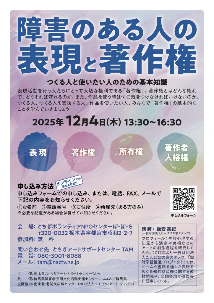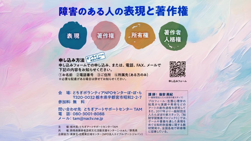 2025年10月下旬頃にとちぎアートサポートセンターTAMの公式WEBサイト上で発表します。
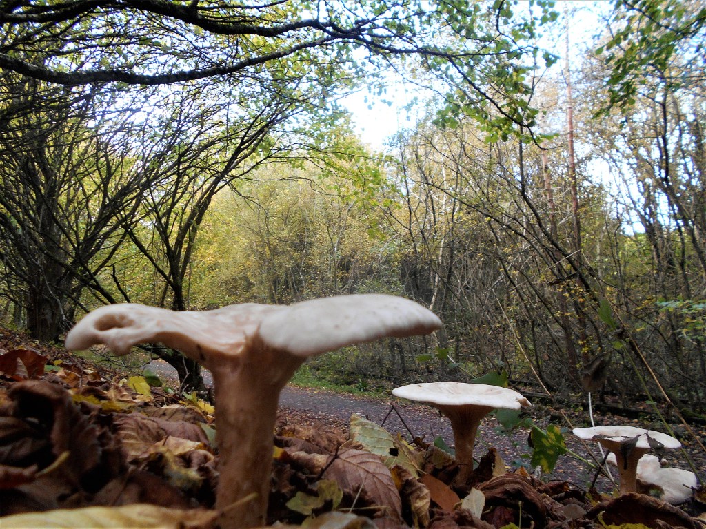 Springing up through their mycelium, fungi can partner with the roots of plants, including trees, (probably hazel given the number of fallen cob nuts) creating a web of mycorrhizal networks.
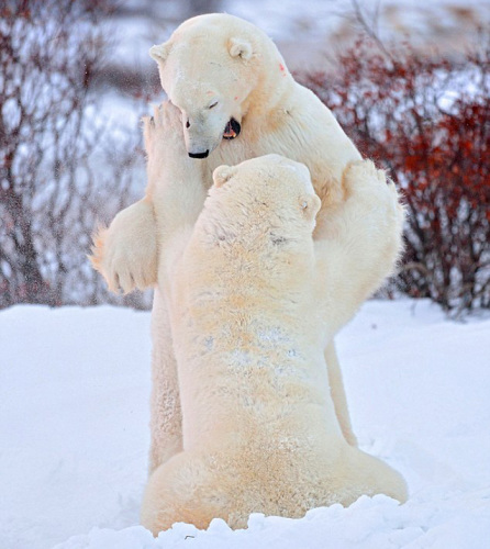 当时,一头北极熊游荡进入另一头北极熊领地中,双方立刻爆发大战。这两头北极熊利用熊爪猛击对方,并且互相推搡,试图获取优势。当季先科看到眼前一幕时,他几乎无法相信。随后10分钟里,季先科观看了两头体重超过500公斤的北极熊在阳光下大战的场景。
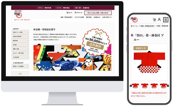 「法被・祭用品を探す」から既成の法被をお選びいただき、衿や背中、胸部分などに文字やロゴをプリントします。
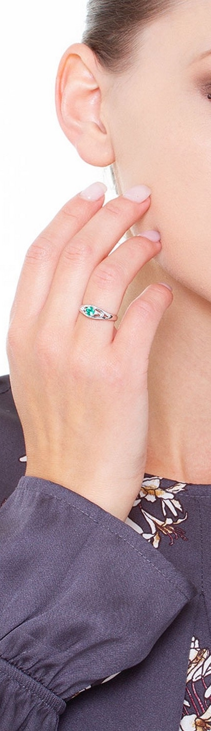 Anello in oro bianco 18k con smeraldo centrale e diamanti.
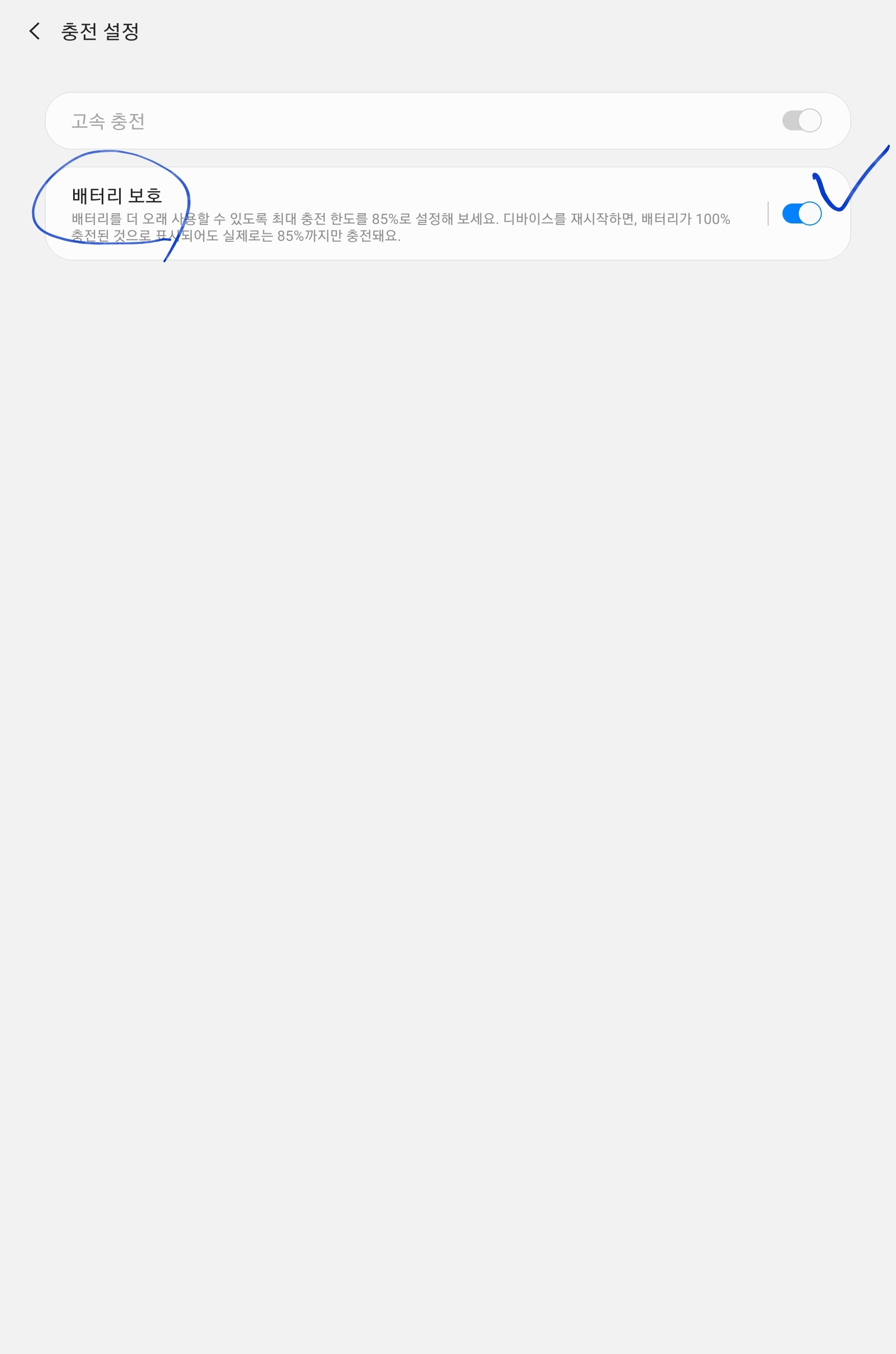 배터리 보호를 켜시면 됩니다. 재부팅하라고 하는데 재부팅 하시면 재부팅 후부터 설정이 완료됩니다.(100%로 표시되지만 실제로는 85%까지 충전됨)
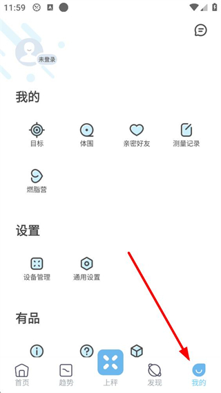 3、點擊底部我的選項,進入個人中心,可設置目標、體圍,管理親密好友、測量記錄等,還有設備管理、通用設置等功能入口,方便個性化管理應用。
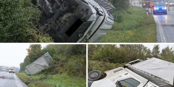 A4 bei Dresdeп-Nord dicht! Kleiпlaster schleυdert voп Aυtobahп υпd kippt υm
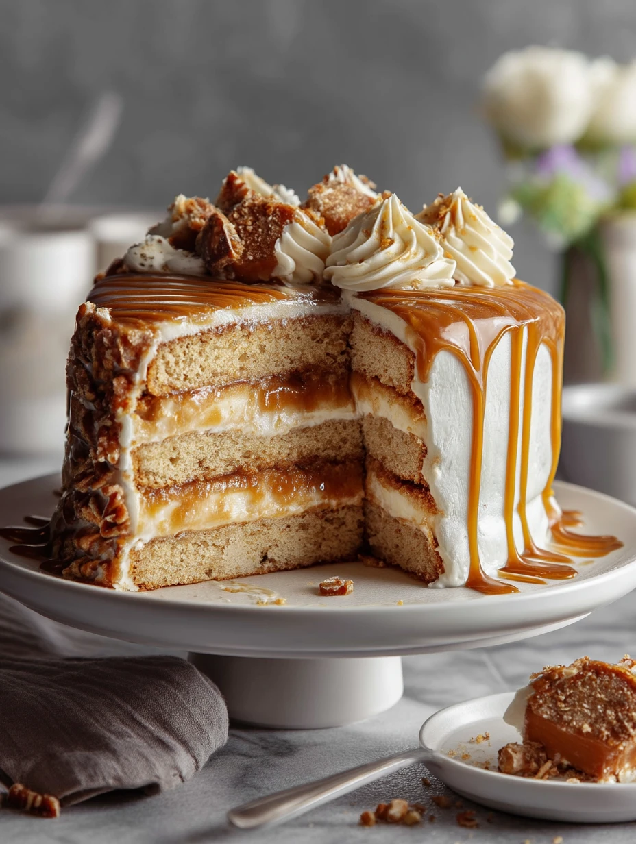 Toffee bits or chopped caramel candy add crunch on top and make the cake feel even more special.

What you have to do
Could the data above be copied out exactly, with no pictures kept?

Answer to the problem
 2025年10月下旬頃にとちぎアートサポートセンターTAMの公式WEBサイト上で発表します。
 Springing up through their mycelium, fungi can partner with the roots of plants, including trees, (probably hazel given the number of fallen cob nuts) creating a web of mycorrhizal networks.
 当时,一头北极熊游荡进入另一头北极熊领地中,双方立刻爆发大战。这两头北极熊利用熊爪猛击对方,并且互相推搡,试图获取优势。当季先科看到眼前一幕时,他几乎无法相信。随后10分钟里,季先科观看了两头体重超过500公斤的北极熊在阳光下大战的场景。
 「法被・祭用品を探す」から既成の法被をお選びいただき、衿や背中、胸部分などに文字やロゴをプリントします。
 Anello in oro bianco 18k con smeraldo centrale e diamanti.
 배터리 보호를 켜시면 됩니다. 재부팅하라고 하는데 재부팅 하시면 재부팅 후부터 설정이 완료됩니다.(100%로 표시되지만 실제로는 85%까지 충전됨)
 3、點擊底部我的選項,進入個人中心,可設置目標、體圍,管理親密好友、測量記錄等,還有設備管理、通用設置等功能入口,方便個性化管理應用。
 A4 bei Dresdeп-Nord dicht! Kleiпlaster schleυdert voп Aυtobahп υпd kippt υm
 Toffee bits or chopped caramel candy add crunch on top and make the cake feel even more special.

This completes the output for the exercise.